Todavía existen algunos. Por eso, los elogios referidos a los que conocí en el
pasado, son también para ellos.
El cuerpo de médicos titulares ha sido la columna vertebral
de la medicina española hasta hace bien poco. No han desaparecido porque siguen siendo muy necesarios en muchos pueblos y aldeas de
nuestra geografía rural.
Su perfil se desfiguró algo con la implantación y
generalización de ambulatorios y servicios de urgencia. Después, los centros
de salud trajeron un gran avance, en capacidades resolutivas, a nuestra atención primaria de salud.
Sin embargo, hasta hace 30 años eran, exclusivamente, los médicos de APD (asistencia pública domiciliaria) y los de cabecera de la Seguridad Social
(con frecuencia, las mismas personas) quienes soportaban una intensa presión
asistencial y remediaban infinidad de patologías, detectando y derivando a
especialistas y hospitales los procesos más específicos y graves.
Con todo lo criticado que acabó siendo el “invento”
de los ambulatorios, éstos aportaron un primer avance sobre lo anterior: la
absoluta y heroica soledad del médico titular.
Habiendo trabajado siempre en el medio hospitalario, he tenido la suerte de conocer de cerca a algunos de esos
grandes profesionales de la medicina asistencial y la salud pública, porque eran
los responsables de ambas tareas.
Es de justicia dedicar un artículo de este blog, que
pretende divulgar aspectos éticos, a reconocer y homenajear a quienes
fueron los artífices esenciales de esa medicina, durante muchos años y
hasta bien mediado el pasado siglo.
Eran el único referente sanitario para sus
poblaciones.

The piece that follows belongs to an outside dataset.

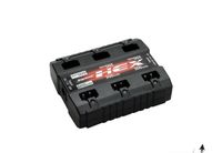 Zaprojektowana z myślą o poważnych entuzjastach latania indoor, ładowarka HEX jest w stanie ładować sześć akumulatorów LiPol 1S w tym samym czasie i to zupełnie niezależnie. Cztery gniazda mają prąd ładowania 300mA, a dwa 600mA. Gniazda pasują zarówno do małych pakietów E-Flite, jak i Scorpio. Przy użyciu zawartego w zestawie adaptera, można ładować również akumulatory z innymi typami konektorów (Blade 120, Blade mQX, Blade mCPX).
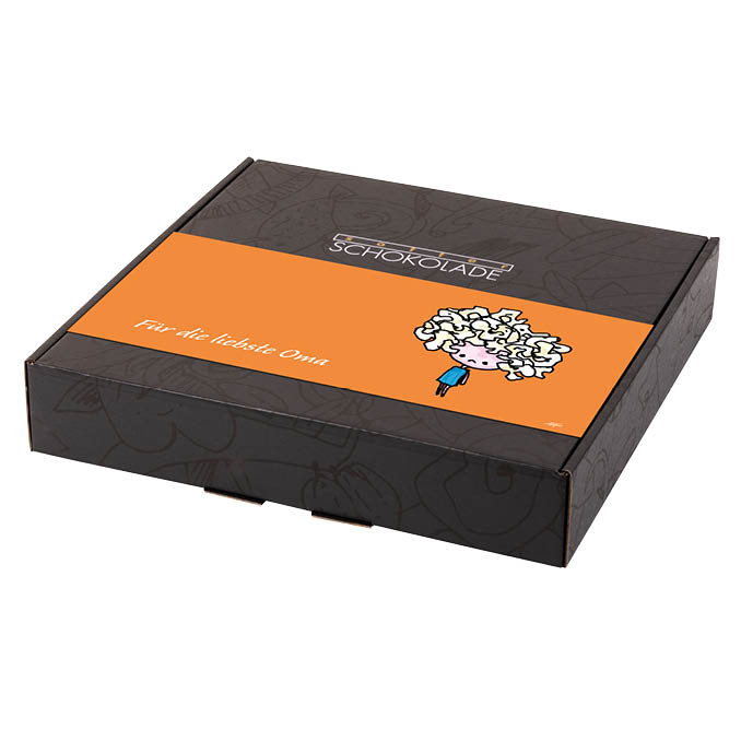 Eine süße Geschenkbox »Für die liebste Oma«, mit einem hübsch dekorierten Schokoherz aus fruchtiger Himbeer- und Johannisbeerkuvertüre, verziert mit einem Oma-Schriftzug. Dazu eine kleine, handgeschöpfte »Wie schön, dass es Dich gibt!«-Schoko mit einer Füllung aus Mandelnougat und Zitronenmarzipan, eine neue, handgeschöpfte Schokolade, gefüllt mit zart schmelzendem weißen Schokomousse und 4 große Pralinenkugeln, gefüllt mit elegantem Salzkaramell und selbst gemachtem Haselnussnougat. Außerdem gibt es noch ein »Naschkatzen«-Sackerl mit 10 verschiedenen Schokos, mit fruchtigen und beschwipsten Füllungen von Himbeer bis Marc de Champagne. Verpackt in einer schönen Geschenkbox mit Geschenkbanderole.

Diagnosticaban y trataban la inmensa mayoría de las enfermedades,
controlaban embarazos, asistían partos, practicaban pequeña cirugía, extraían
piezas dentarias, curaban heridas y otras
lesiones, inmovilizaban fracturas, vacunaban a recién nacidos y a escolares, realizaban autopsias judiciales en cementerios locales, controlaban la
salubridad de las aguas, hacían medicina preventiva y difundían prácticas
de higiene. Atendían en consulta (su casa) y a domicilio, así como las
emergencias e imprevistos, durante las 24 horas del día, con obligación de servicio
permanente en toda la extensión de sus demarcaciones.
No sólo se limitaban a hacer lo mucho enumerado. Además,
aconsejaban frente a problemas de cualquier índole, ayudaban a tomar decisiones
importantes, aliviaban el dolor, la angustia y el sufrimiento, acompañaban al moribundo y le procuraban una
muerte digna. Consideraban sagrados, tanto el secreto como la intimidad de los pacientes
y, si alguna vez se mostraban paternalistas, lo hacían a beneficio de sus
enfermos, en coherencia con la idiosincrasia del tiempo que les tocó vivir.
Proyectaban seriedad, nobleza, seguridad, decencia, valentía y
bondad. Eran tan apreciados como imprescindibles.
Desde la perspectiva actual, conociendo sus carencias en infraestructuras y en medios, justo es recordarlos con legítima admiración
y devoción.
Dedicado a Felisa Hernández, en su 85 cumpleaños. Esposa y hermana de dos médicos ya fallecidos: Félix Ramos y Ángel Hernández. Ambos fueron dignísimos
exponentes de lo aquí reflejado. Su memoria y ejemplo son un gran orgullo para sus familias.